您讨论了保存对齐器模型，但您的问题似乎更多地是关于保存已对齐的对齐位文本：“最好在一天内批量进行对齐，然后在以后使用这些对齐方式。”我将回答这个问题

在nltk环境中，使用类似语料库的资源的最佳方法是使用语料库读取器访问它。NLTK没有语料库编写器，但是NLTK的

AlignedCorpusReader

支持的格式非常容易生成：（NLTK 3版本）

就这样。您可以稍后重新加载并使用对齐的句子，就像使用

comtrans

语料库一样：

from nltk.corpus.reader import AlignedCorpusReader

mycorpus = AlignedCorpusReader(r"folder", r".*\.txt")
biverses_reloaded = mycorpus.aligned_sents()

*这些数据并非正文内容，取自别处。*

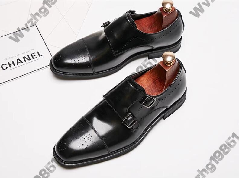 - 春の新作彫刻紳士靴ビジネスフォーマル革靴男英倫ブラックバックルオックスフォード靴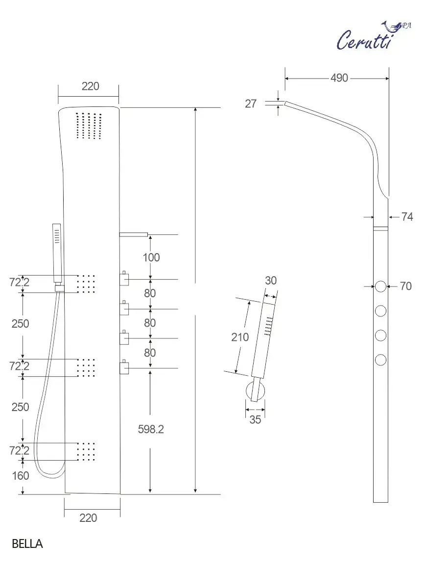 Панель душевая Cerutti SPA BELLA CT11128 с форсунками хром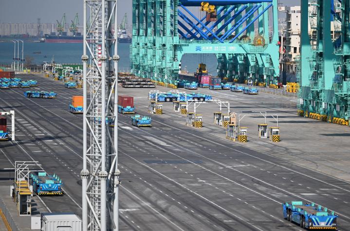 智能水平运输机器人在天津港全物联网集装箱码头作业。新华社记者 李然 摄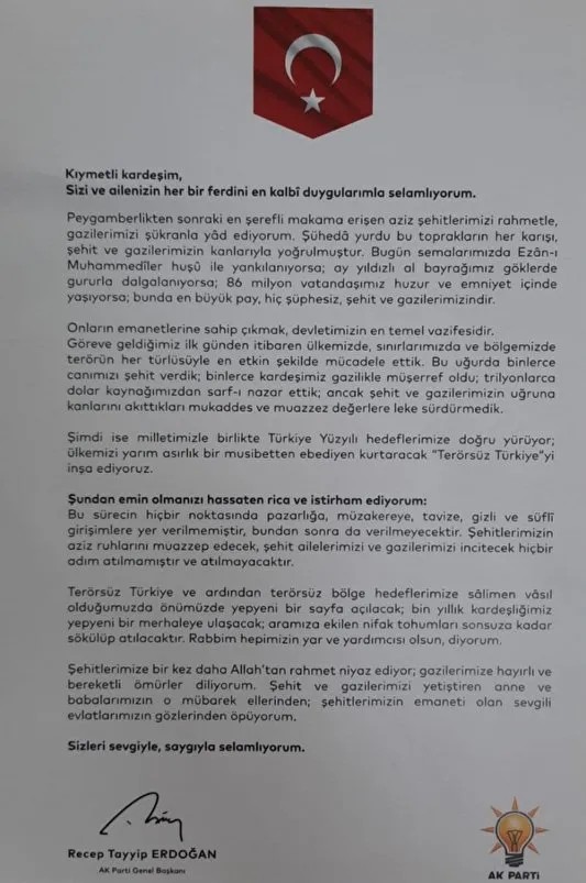 Cumhurbaşkanı Recep Tayyip Erdoğan, Terörsüz Türkiye hedefi kapsamında şehit ve gazi ailelerine yönelik bir mektup kaleme aldı. AK Parti teşkilatları, yaz boyunca bu aileleri ziyaret ederek Cumhurbaşkanı Erdoğan’ın mektubunu kendilerine ulaştıracak.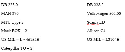 ในขณะที่น้ำมันหล่อลื่น OMEGA 643 มีความสามารถเทียบเท่าข้อกำหนดของ GM, Detroit Diesel Allison ( DDA )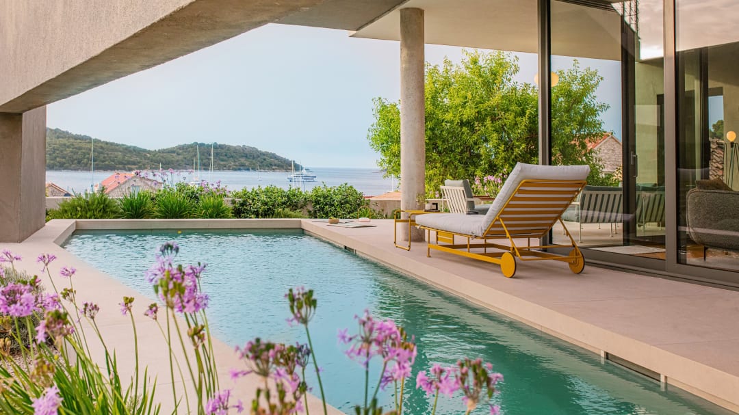 Das Haus liegt eingebettet in die Hügel oberhalb der Stadt Vis, vor der unberührten Kulisse der dalmatinischen Küste, und bietet sowohl Abgeschiedenheit als auch einen weiten Meerblick. Seine Architektur schafft ein ausgewogenes Gleichgewicht zwischen Privatsphäre und Offenheit und verbindet das lokale Klima und den Lebensstil mit durchdachtem Design und fließenden Raumverhältnissen.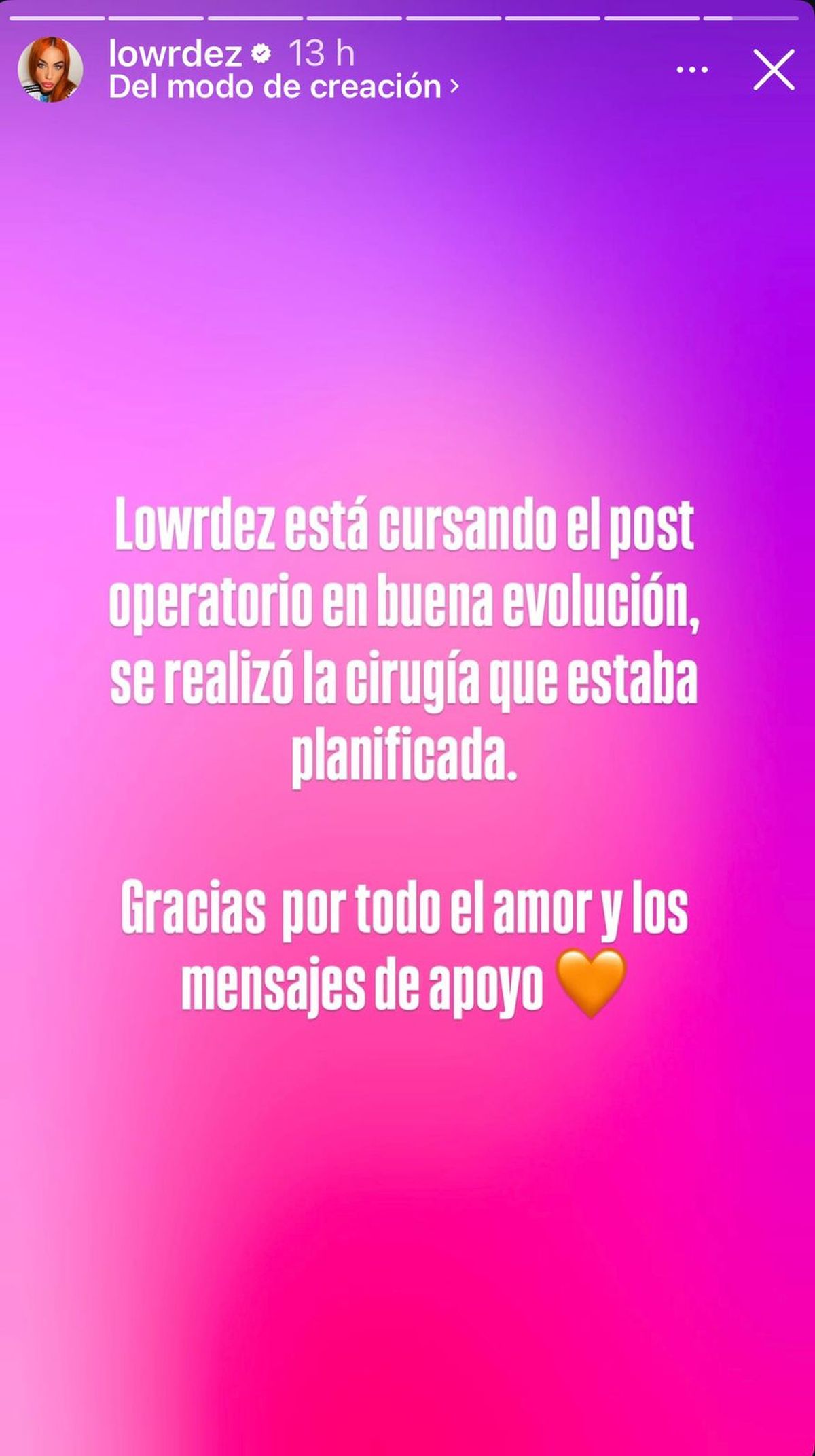 Por otro lado, desde la cuenta de Instagram de la integrante de Bandana, sus familiares le hicieron saber a todo su fandom que la intervención había sido exitosa. "Lowrdez está cursando el postoperatorio en buena evolución, se realizó la cirugía que estaba planificada", avisaron a través de las historias virtuales de la artista y agradecieron todo el amor y los mensajes de apoyo recibidos en las últimas horas.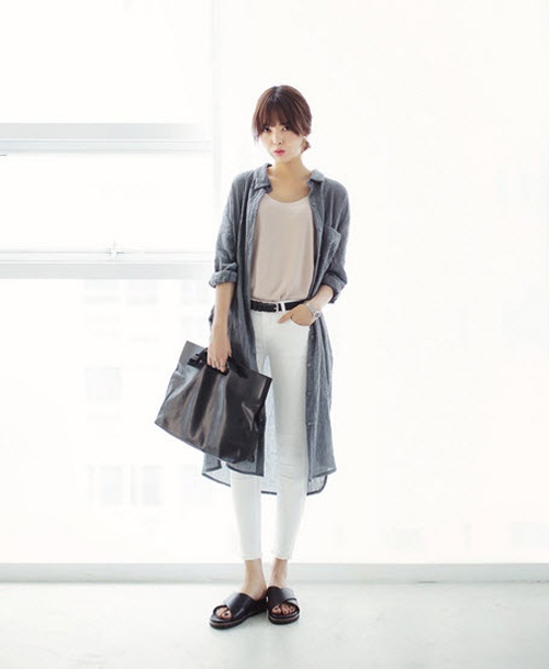 | Ngôi sao Hàn Quốc "chất lừ" với sơ mi siêu dài được phối layer cùng cardigan. |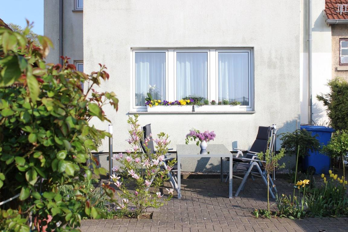 Eine sonnige Terrasse hinter dem Haus lädt zum Verweilen ein. Auf Wunsch stellen wir einen Grill zur Verfügung.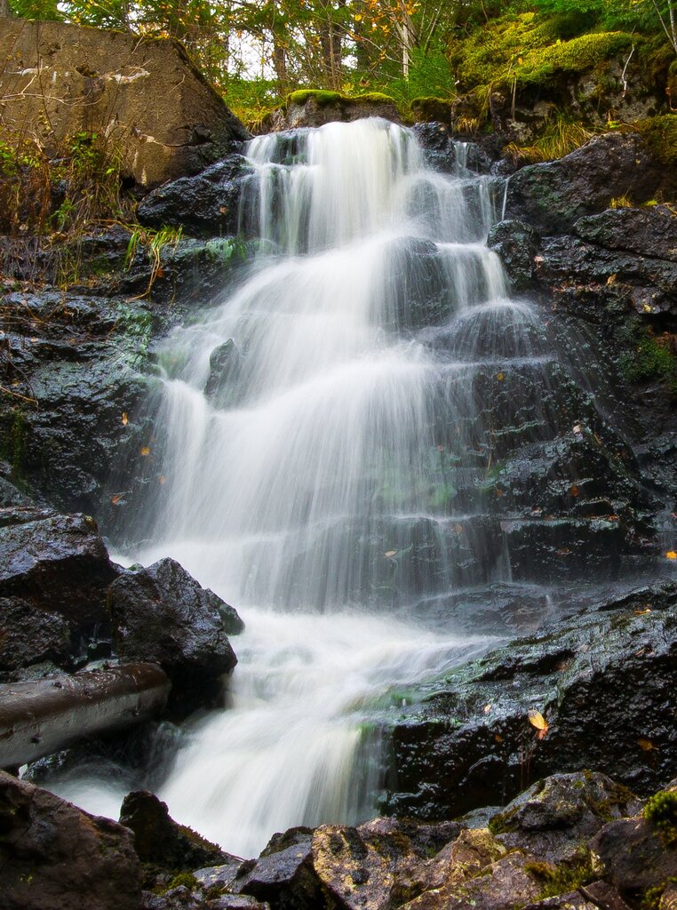 Det er høst, og vannet flommer friskt mange steder i Marka. Her er vi ved demningen i sydenden av Triungsvann, der assosiasjoner til dusj var fremtredende.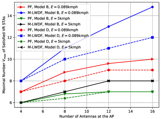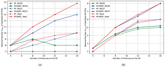 Figure 9b shows the dependence of the maximal number of the satisfied VR STAs depending on the number of antennas for low environmental speed ( kmph) and large network radius ( m). In this case, the ideal MCS selection algorithm has to use more robust MCSs, so the difference between the Ideal and MCS7 notably decreases. In contrast, MCS0 notably decreases the gain from increasing the number of AP antennas. Also, when MCS0 is used, we almost do not see the difference between PF and delay- aware schedulers.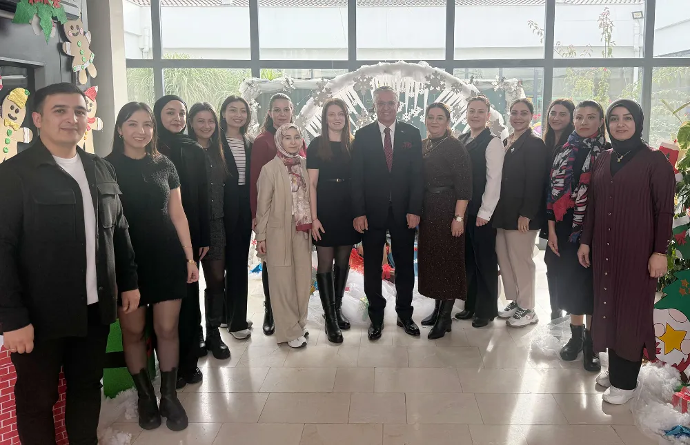 Başkan Topaloğlu’nun girişimleriyle Kemer’in ilk turizmcilerinden olan hayırsever iş insanı Orduvar Akman ve eşi Ülker Akman tarafından eğitime kazandırılan kreşte öğretmenlerle hatıra fotoğrafı çektiren Başkan Topaloğlu, öğretmenlere çalışmalarında kolaylıklar diledi.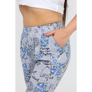 Представляем Вашему вниманию женские домашние брюки из легкой хлопковой ткани с принтом. Передняя половинка на кокетке, со складками и карманами. Брюки немного укороченные, в верхней части свободные, к низу зауженные. Пояс цельнокроенный, на резинке.

如您所见，不需要对齐器对象本身。对齐的句子可以通过语料库读取器加载，除非你愿意，否则对齐器本身是毫无用处的研究嵌入概率

注释：我不确定是否将对齐器对象称为“模型”。在NLTK 2中，对齐器没有设置为对齐新文本——它甚至没有

align（）

方法。在NLTK 3中，函数

align（）

可以对齐新文本，但只能从python 2中使用在Python3中，它被打破了，显然是因为比较不同类型对象的规则更加严格。不过，如果您希望能够pickle并重新加载对齐器，我很乐意将其添加到我的答案中；据我所知，如果您愿意，可以使用vanilla

cPickle

完成此操作，而且它看起来很像，您可以将其存储为对齐的发送列表：

from nltk.align import IBMModel1 as IBM
from nltk.align import AlignedSent
import dill as pickle

biverses = [list of AlignedSent objects]
model = ibm(biverses, 20)

for sent in range(len(biverses)):
     biverses[sent].alignment = model.align(biverses[sent]).alignment

之后，您可以将其与莳萝一起保存为泡菜：

with open('alignedtext.pk', 'wb') as arquive:
     pickle.dump(biverses, arquive)

我不知道你试过什么，但我没有看到lambdas，也没有问题用香草泡菜来腌制和解腌“模型”。@alexis，这很有趣，你有没有得到与更新答案相同的错误？还没有机会尝试；但是我可能已经用Python2测试了pickling，这可以解释不同的体验（我还没有意识到模块已经改变了这么多）。当我尝试它时，我会让你知道的。我用python 3又看了一眼。类构造函数不返回lambda函数，也不返回

train（）

。但是该模型存储在使用lambda定义的defaultdict中（以通常的方式），并且不能对使用lambda的defaultdict进行pickle处理。该类可以很容易地设置为可拾取的，但必须修改模块源代码。（只需使用模块局部函数而不是lambdas。）对齐器函数是一个模型，因为它学习给定源语言单词的每个目标语言单词的概率。虽然可以将其存储为一个大的哈希表，但代码的作者决定将其存储为一个返回defaultdict的lambda函数。因此，在已知概率的情况下，有可能将概率分配给新数据，这就是为什么它被称为模型。然而，我同意你的观点，保存模型是不自然的，因为给定新数据，你可以简单地重建概率模型。请参阅以获取理论解释。顺便说一句，

nltk.align

在python3中没有被破坏。您使用的是哪个版本？我明白了

from nltk.corpus.reader import AlignedCorpusReader

mycorpus = AlignedCorpusReader(r"folder", r".*\.txt")
biverses_reloaded = mycorpus.aligned_sents()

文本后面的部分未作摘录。